With these statements as criteria, the question becomes one of determining whether the "gist" of the original complaint and the sought for amendment are the same. The plaintiffs urge that there is no substantial change in the nature of the claim and rely upon O'Shaughnessy v. Bayonne News, 9 N.J. Misc. 345 ( Cir. Ct. 1931); 109 N.J.L. 271 ( E. A. 1932):
"So an amendment will not as a rule be held to state a new cause of action if the facts alleged show substantially the same wrong with respect to the same transaction, or if it is the same matter more fully or differently laid, or, if the gist of the action or the subject of controversy remains the same; and this is true although the form of liability asserted, or the alleged incidents of the transaction may be different.
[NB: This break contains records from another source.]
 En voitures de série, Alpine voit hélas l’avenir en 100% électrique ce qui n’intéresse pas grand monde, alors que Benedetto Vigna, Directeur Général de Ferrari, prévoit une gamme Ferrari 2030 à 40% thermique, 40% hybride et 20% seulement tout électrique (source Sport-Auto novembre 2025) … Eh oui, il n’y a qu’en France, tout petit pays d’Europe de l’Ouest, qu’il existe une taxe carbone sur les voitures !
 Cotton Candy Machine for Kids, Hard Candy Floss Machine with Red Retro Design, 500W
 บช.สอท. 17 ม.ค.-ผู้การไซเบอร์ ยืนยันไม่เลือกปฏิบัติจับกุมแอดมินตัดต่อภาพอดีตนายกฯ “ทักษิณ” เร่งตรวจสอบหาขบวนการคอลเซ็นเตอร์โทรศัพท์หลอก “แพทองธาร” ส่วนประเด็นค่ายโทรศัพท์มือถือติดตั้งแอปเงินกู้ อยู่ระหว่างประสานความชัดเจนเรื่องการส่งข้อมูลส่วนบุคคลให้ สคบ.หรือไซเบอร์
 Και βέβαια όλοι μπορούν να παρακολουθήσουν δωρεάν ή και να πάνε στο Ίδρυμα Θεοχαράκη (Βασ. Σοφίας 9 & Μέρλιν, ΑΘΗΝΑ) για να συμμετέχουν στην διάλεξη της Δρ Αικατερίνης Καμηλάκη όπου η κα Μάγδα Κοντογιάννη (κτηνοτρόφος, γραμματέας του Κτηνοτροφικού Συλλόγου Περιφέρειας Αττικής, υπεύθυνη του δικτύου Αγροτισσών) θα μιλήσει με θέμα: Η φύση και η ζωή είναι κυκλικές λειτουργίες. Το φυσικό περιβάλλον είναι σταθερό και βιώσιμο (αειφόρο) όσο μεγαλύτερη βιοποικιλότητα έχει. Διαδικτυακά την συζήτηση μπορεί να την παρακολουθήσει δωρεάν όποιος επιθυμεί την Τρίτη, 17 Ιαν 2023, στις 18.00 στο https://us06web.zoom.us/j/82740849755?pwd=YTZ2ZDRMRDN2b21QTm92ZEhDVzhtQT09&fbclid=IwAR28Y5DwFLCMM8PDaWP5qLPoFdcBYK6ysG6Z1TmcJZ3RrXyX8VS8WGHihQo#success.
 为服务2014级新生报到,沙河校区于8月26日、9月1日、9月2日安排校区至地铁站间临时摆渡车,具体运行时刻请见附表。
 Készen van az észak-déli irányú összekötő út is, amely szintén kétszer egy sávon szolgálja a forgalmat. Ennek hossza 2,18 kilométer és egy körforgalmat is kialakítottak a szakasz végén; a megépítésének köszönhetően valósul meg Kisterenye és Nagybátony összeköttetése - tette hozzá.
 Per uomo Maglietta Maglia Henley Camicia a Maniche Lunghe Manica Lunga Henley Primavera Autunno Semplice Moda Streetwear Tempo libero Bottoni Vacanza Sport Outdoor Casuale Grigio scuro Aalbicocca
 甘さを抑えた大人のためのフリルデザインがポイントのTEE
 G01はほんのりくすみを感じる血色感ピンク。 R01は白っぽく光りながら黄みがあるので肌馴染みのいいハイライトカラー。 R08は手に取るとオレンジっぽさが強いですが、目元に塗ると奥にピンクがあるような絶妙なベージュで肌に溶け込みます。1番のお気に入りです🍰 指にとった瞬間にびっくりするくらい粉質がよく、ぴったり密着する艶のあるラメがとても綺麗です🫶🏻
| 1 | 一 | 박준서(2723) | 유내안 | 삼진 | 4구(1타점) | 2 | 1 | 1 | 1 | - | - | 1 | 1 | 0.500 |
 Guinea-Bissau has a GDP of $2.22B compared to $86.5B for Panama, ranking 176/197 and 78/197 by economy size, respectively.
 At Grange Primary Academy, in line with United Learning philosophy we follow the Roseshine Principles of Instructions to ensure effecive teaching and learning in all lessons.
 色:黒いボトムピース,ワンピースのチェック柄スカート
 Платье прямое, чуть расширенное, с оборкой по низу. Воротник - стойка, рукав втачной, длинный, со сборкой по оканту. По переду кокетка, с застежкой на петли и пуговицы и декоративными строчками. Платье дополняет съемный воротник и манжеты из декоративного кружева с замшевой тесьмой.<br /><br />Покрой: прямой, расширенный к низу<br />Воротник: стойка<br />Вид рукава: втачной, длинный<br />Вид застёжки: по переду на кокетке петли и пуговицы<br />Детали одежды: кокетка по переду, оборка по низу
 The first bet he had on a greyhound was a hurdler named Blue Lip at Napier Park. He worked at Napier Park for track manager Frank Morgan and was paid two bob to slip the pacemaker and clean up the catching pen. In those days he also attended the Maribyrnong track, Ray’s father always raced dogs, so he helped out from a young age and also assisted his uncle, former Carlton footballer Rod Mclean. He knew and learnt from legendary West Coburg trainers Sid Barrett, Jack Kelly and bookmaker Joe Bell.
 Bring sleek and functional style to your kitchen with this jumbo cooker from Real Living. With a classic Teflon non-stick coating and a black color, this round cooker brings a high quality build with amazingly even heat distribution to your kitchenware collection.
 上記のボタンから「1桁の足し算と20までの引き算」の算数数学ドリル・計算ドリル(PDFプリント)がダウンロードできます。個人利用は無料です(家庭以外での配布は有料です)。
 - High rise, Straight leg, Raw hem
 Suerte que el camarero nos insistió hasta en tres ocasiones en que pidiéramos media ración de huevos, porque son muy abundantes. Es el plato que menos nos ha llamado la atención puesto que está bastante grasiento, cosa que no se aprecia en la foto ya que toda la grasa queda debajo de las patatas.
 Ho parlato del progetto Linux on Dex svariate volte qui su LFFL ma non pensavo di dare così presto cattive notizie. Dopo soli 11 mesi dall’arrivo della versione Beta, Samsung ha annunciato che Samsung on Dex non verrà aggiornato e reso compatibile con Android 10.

Technical rules will not be applied in determining whether the cause of actions stated in the original and amended pleadings are identical, since in a strict sense almost any amendment may be said to change the original cause of action. 49 C.J. 510, 511.
In a tort action an amendment may vary the statement of the original complaint as to the manner in which the plaintiff was injured, or as to the manner of the defendants' breach of duty, without necessarily setting up a new cause of action."
No entirely satisfactory definition of a cause of action has as yet been enunciated but a generally accepted definition is that a cause of action is "the fact or facts which establish or give rise to a right of action, the existence of which affords a party a right to judicial relief." 1 Am. Jur., Actions, p. 404.
Confusion arises from confounding the cause of action, that is, the invasion of the right of the plaintiff, on the one hand and on the other hand the damages that flow therefrom. If the plaintiffs establish that there was negligence from the failure to exercise reasonable precautions in isolating the patient with the infectious disease, presumably a cause of action arises. If they establish that there was negligence in diagnosis and treatment, it may well be that they have a cause of action therefor but that is a far cry from saying that the latter is not a new and different cause of action. Referring to the definition of "gist," quoted earlier in this opinion, it would be well to consider the fact that the plaintiffs might recover in an action based upon the sought-for amendment and not even assert the earlier ground set forth in the complaint. That such a result might readily follow, in the event that the amendment was allowed, seems to point up the fact that the second ground upon which plaintiffs seek to recover is both new and different. The evidence to support the two bases for recovery would, or might, be entirely different. In the first action, the negligence might well be the failure of the management personnel of the hospital, whereas in the second cause of action, grounded upon erroneous or faulty diagnosis, presumably the negligence would be that of the doctors who attended plaintiffs. Parenthetically, the doctors might or might not be the agents of the hospital. It seems clear that what plaintiffs now seek is to set up a new and different cause of action after the statute has run. That they may not do and the motion to amend is denied.